Data extracted from a collection:
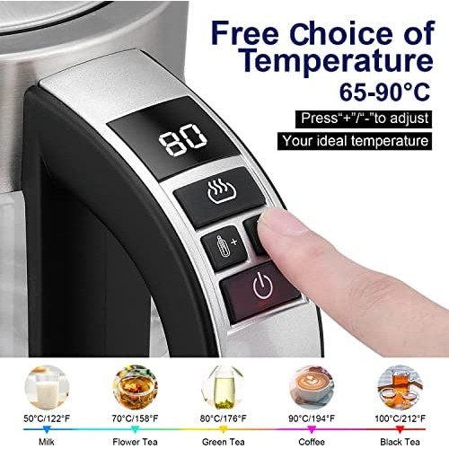- ?Safer Detailed Design?The handle of the water kettle electric is non-slip and insulated,which helps prevent scalds. The glass is engraved with a water level gauge,the spout is designed with a filter to filter tea leaves.certainly,It can also be used as a electric tea kettle.
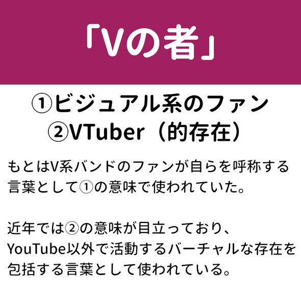 もとはV系バンドのファンが自分たちを呼称する言葉として「†Vの者†」のように(1)の意味で使われていた。
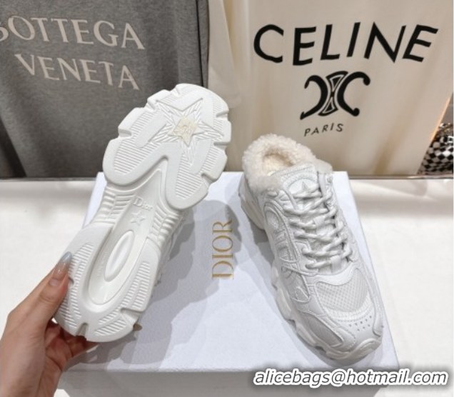Grade Quality Dior Chrono Sneaker Mules in Mesh, Leather-Effect and Wool White 51029070
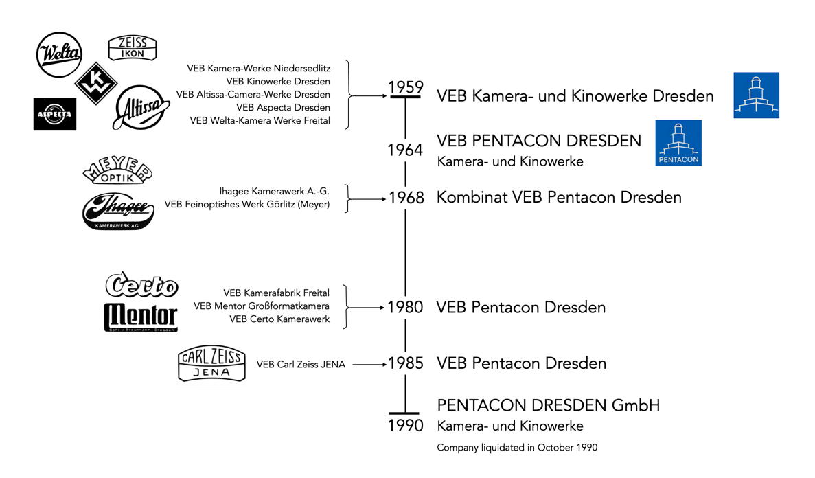 Post-WW2 there were still a lot of camera companies in Germany, and particularly in East Germany. In fact the heart of the German camera industry lay in Dresden, Jena and the surround area. Over the next decade, many of the companies were merged into a series of VEBs (Volkseigener Betrieb or Publicly Owned Enterprise) culminating with VEB Pentacon.
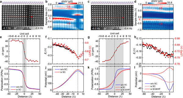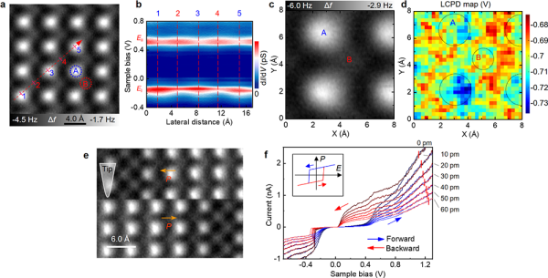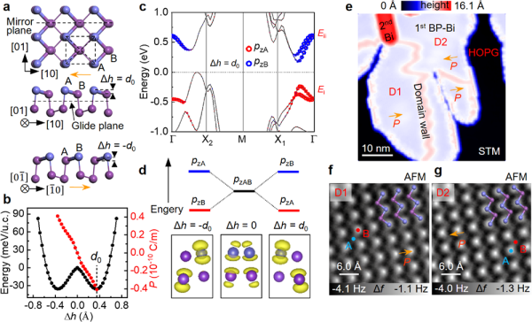 科研人员在具有石墨表面上生长制备了高质量的单层BP-Bi样品,由于石墨表面与BP-Bi之间为较弱的范德华相互作用,使得BP-Bi能保持本征特性,便于后续原子级物性表征和调控。研究利用qPlus原子力显微镜对BP-Bi进行实空间成像,并结合开尔文探针显微镜(KPFM)测量,分别确定了BP-Bi的翘曲原子构型以及子晶格之间的电荷重整化,因而证实了单层BP-Bi存在面内有序电偶极矩排列。结合理论计算,研究发现,BP-Bi的原子结构翘曲程度决定铁电极化,并影响材料的基本能带结构,从而在BP-Bi中造就了电子结构和铁电极化之间相互锁定的奇异现象。这种新型铁电性的发现为利用外电场调控铁电畸变对材料的其他新奇性质进行调控提供了可能。进一步,研究利用扫描探针产生的面内电场对BP-Bi的电极化进行了翻转操作,这正是非易失性存储器件实现数据写入的功能基础。
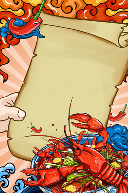 国潮插画手绘风格的小龙虾美食边框背景
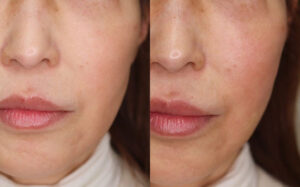 患者様は50代の女性です。そんなに口角は下がっていませんが、しっかり上げたいとのことでしたので、定番の耳珠方向よりも角度を付けて7mm切りました。傷跡の赤味はあと2か月くらいで目立たなくなります。
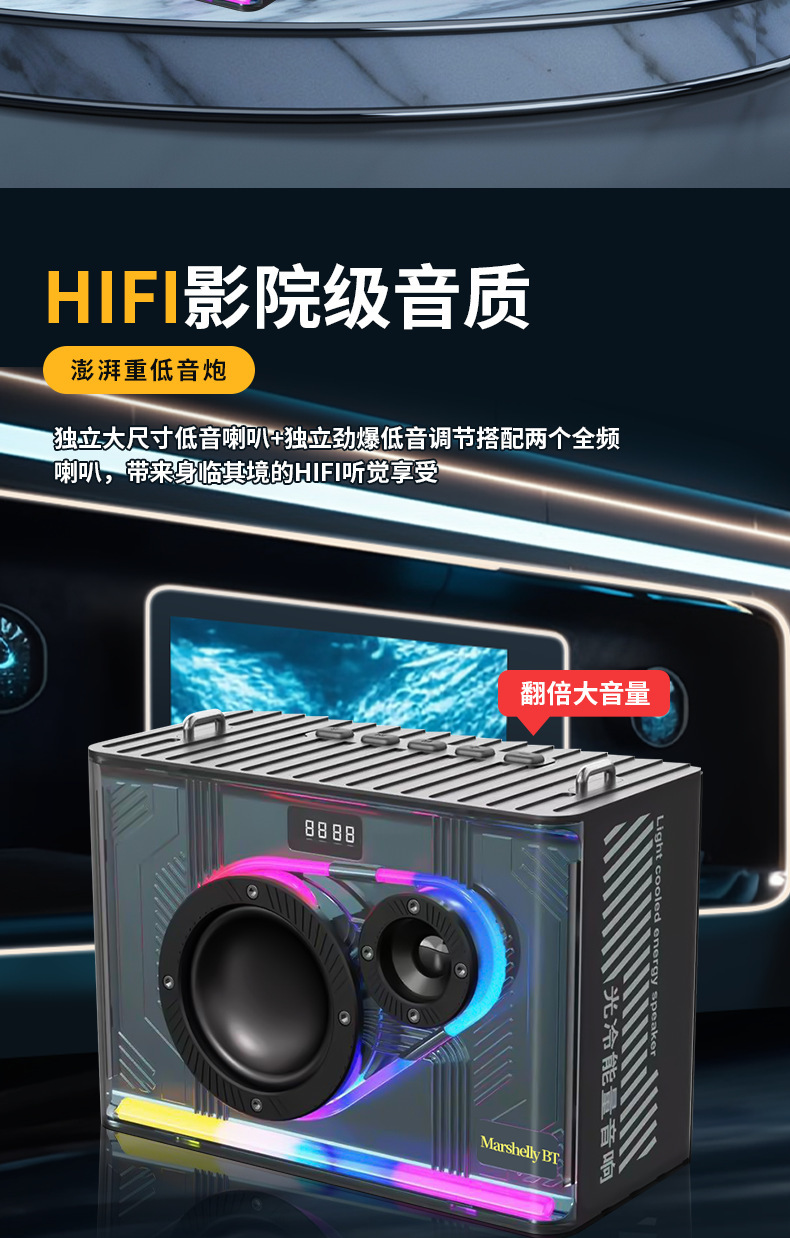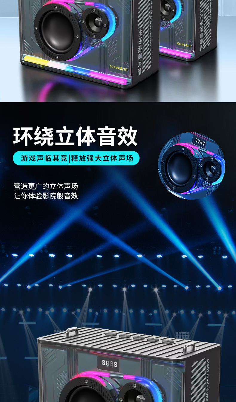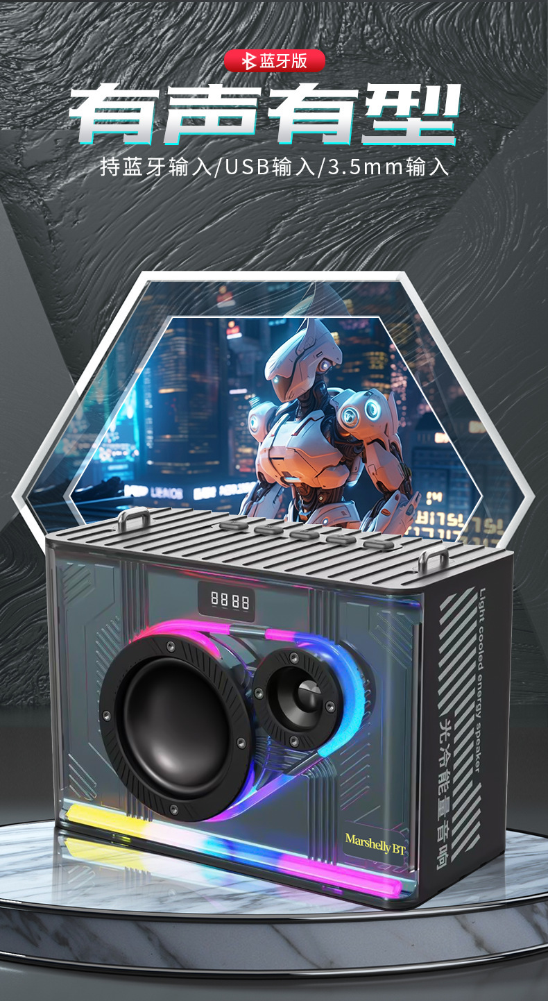 Manufacturer subwoofer cool LED portable home outdoor car audio transparent mecha wireless Bluetooth speaker
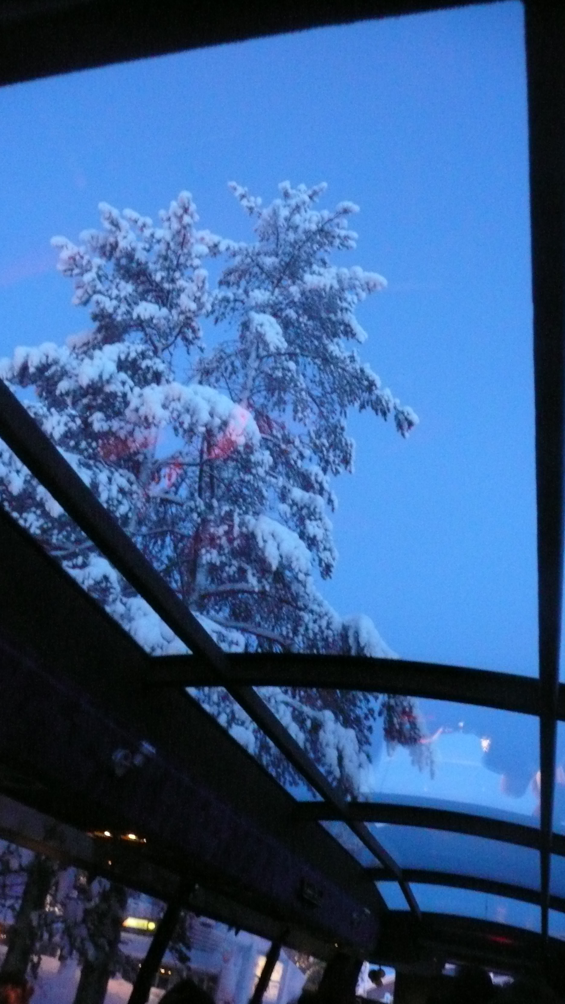 | Le car qui nous emmena à la ferme "du père Noël" était équipé de vitres à son toit. |
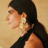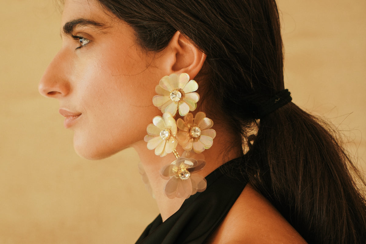 Handcrafted with iridescent light sequins, these clip-on earrings add the perfect pop of dazzle to your evening looks.
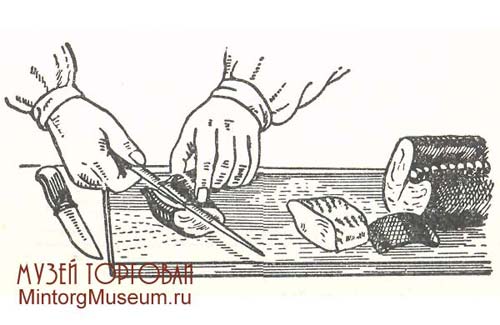 Разделка рыбных гастрономических товаров также характеризовалась определенной последовательностью, применением хотя и очень простых, но удобных приспособлений и инструментов. Например, по инструкции плавники деликатесных рыб срезались на уровне кожи, а по методу С.М. Слобожанкина удалялись с двух сторон вместе с хрящевыми основаниями (если плавники срезать на уровне кожи, не удаляя из тела рыбы хрящей и кости, то они будут мешать при нарезке рыбы). Для этой цели применялся маленький нож, которым удобно удалять и жучки (костную броню) осетровых рыб, шпагаты, планки, снимать кожу. Балыки (спинки) обычно пластовали, чтобы легче и с меньшими отходами удалять кости; от пласта удобнее отнять и ломти нормальной величины. Но пластование целого балыка было применимо только в больших магазинах и в дни повышенного спроса. При небольшом спросе балык предварительно не разделывали и не пластовали — это делалось по мере продажи. Вначале отрезали небольшой кусок, подрезали рёбра, позвоночную кость, затем кусок разрезали пополам вдоль позвонка и удаляли позвонок с рёбрами (от одной половины), снимали кожу и резали ломтями. (также см. Схема разделки рыбы и Рыбные товары)
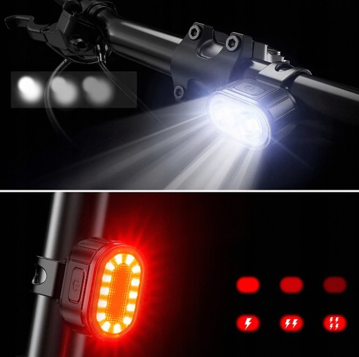 LAMPKA ROWEROWA ŚWIATŁO PRZÓD TYŁ LED NA ROWER KIEROWNICĘ MOCNA USB JASNA

About this task:
Your task is to reproduce exactly the lines from the start of the data above through the line containing "もとはV系バンドのファンが自", leaving every picture out.

Response for this exercise:
- ?Safer Detailed Design?The handle of the water kettle electric is non-slip and insulated,which helps prevent scalds. The glass is engraved with a water level gauge,the spout is designed with a filter to filter tea leaves.certainly,It can also be used as a electric tea kettle.
 もとはV系バンドのファンが自分たちを呼称する言葉として「†Vの者†」のように(1)の意味で使われていた。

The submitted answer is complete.